During the Burlington Arcade's promotion of the film Young Victoria – Queen Victoria was born in 1819, the same year the Burlington Arcade opened as Britain's first shopping arcade – this diamond necklace will be displayed in our centre window. We would be delighted to let you inspect it at closer quarters, so please do not hesitate to come in and see us.
Old cut diamonds
The necklace was made around the time Victoria ascended to the throne (1837) and is set with old cut diamonds. Cut very close to the original shape of a diamond crystal, 19th century old cut diamonds are chunkier and deeper than modern brilliants as the philosophy at that time was to preserve weight rather than cutting the stone to exhibit maximum fire.

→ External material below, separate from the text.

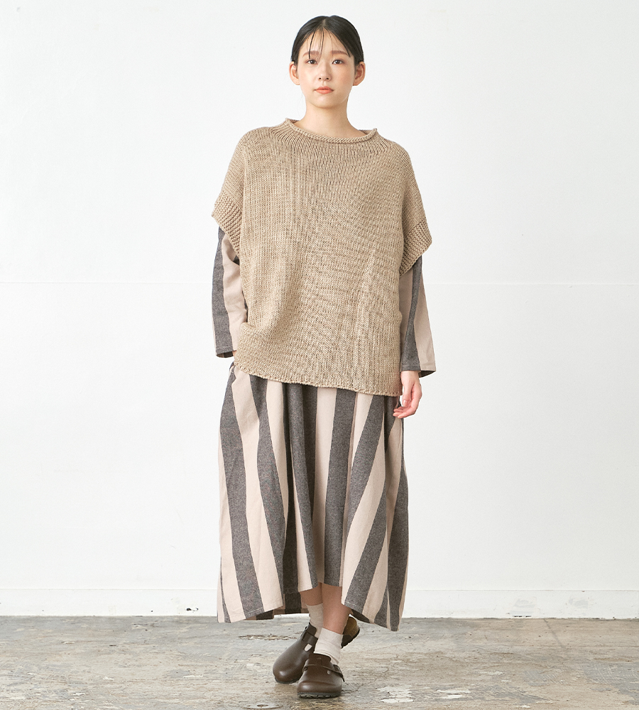 ワンピース一枚で着るのとは異なり、 プルオーバータイプのニットベストを重ねることで、 防寒性を高めながら、装いに奥行きとあたたかさが生まれます。

Some of the light gets lost through the back of the stone, hence the softer look of antique diamond jewellery that many prefer to the glitzy sparkle of 20th century brilliants. Robert Ogden calls them 'the forgotten gems of the candlelight era': antique pieces have a subtle glow seen at its best in flickering candlelight.
Mounted in silver on yellow gold
Victorian diamond jewellery was usually mounted in silver on yellow gold. To enhance the 'whiteness' of the diamonds, they were mounted in silver and backed by yellow gold – gold is slightly harder than silver and does not stain. Nowadays, most diamond jewellery is mounted in 18ct white gold or platinum, which is harder than gold. Platinum was first used around 1900 and most Edwardian diamond jewellery is mounted in platinum.
Convertible jewellery
Many items of Victorian jewellery are multifunctional. Very often Victorian brooches, for example, have a removable brooch fitting, enabling the piece to be also worn as a pendant, a centre piece for a choker necklace or even as a hair ornament. The Victorians liked this form of economy and multiple function became especially characteristic of diamond jewellery such as hair ornaments and tiaras, which could be converted into necklaces or separated into individual brooches.
Later in life, Queen Victoria developed a fondness for jewellery set with Scottish gemstones, such as Cairngorms (citrines), agates and Tay River pearls (see Scottish Jewellery).